A meeting between Minister for Justice Helen McEntee and the UK’s Home Secretary James Cleverly, which was due to take place today, has been postponed.

However, the Department of Foreign Affairs has confirmed that it will be rescheduled in the near future.

It comes amid tensions between both countries over the movement of migrants from the UK to Ireland.

They had been due to meet on Monday to discuss “strengthening” the Common Travel Area, but the meeting was postponed late on Sunday night.

The Cabinet is preparing to examine laws to allow asylum applicants to be returned from Ireland to the UK this week.

James Cleverly and Helen McEntee were due to discuss ‘strengthening’ the Common Travel Area

Taoiseach Simon Harris said yesterday that Ireland will not “provide a loophole” for the migration challenges in other countries.

Mr Harris said that while every country is entitled to its own migration policy, he does not intend to allow the policies of others to “affect the integrity of our own one”.

“This country will not in any way shape or form provide a loophole for anybody else’s migration challenges,” he said.

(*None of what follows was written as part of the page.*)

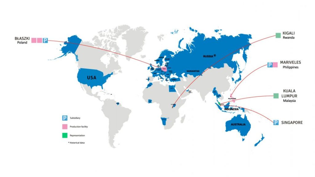 Geosynthetic products manufactured by the Pietrucha Group are distributed in 34 countries on 5 continents, especially in regions sensitive to the impact of climate change. Export constitutes over 50 percent of the Group’s activity.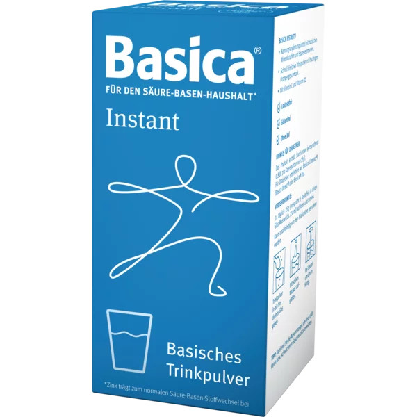 Basica® Instant bázikus italpor – Ásványi anyagok bázikus sóit és nyomelemeket és C-vitamint tartalmazó, azonnal oldódó, narancsízú étrend-kiegészítő italpor.

It comes after it emerged last week that 80% of recent asylum seeker arrivals to Ireland came from the UK via the land border with Northern Ireland.

British Prime Minister Rishi Sunak has said this shows his government’s so-called Rwanda policy is working as a deterrent.

The UK Government has rejected any bid by Ireland to return asylum seekers unless France agrees to do the same with boats crossing the Channel.

“We won’t accept any asylum returns from the EU via Ireland until the EU accepts that we can send them back to France,” a UK government source said.

The Rwanda policy will see asylum seekers coming to the UK being placed on a one-way flight to the east African nation, with the aim of deterring others from crossing the English Channel on small boats.

The legislation ensuring the plan is legally sound, the Safety of Rwanda (Asylum and Immigration) Act, cleared its passage through the UK Parliament this week and was signed into law on Thursday.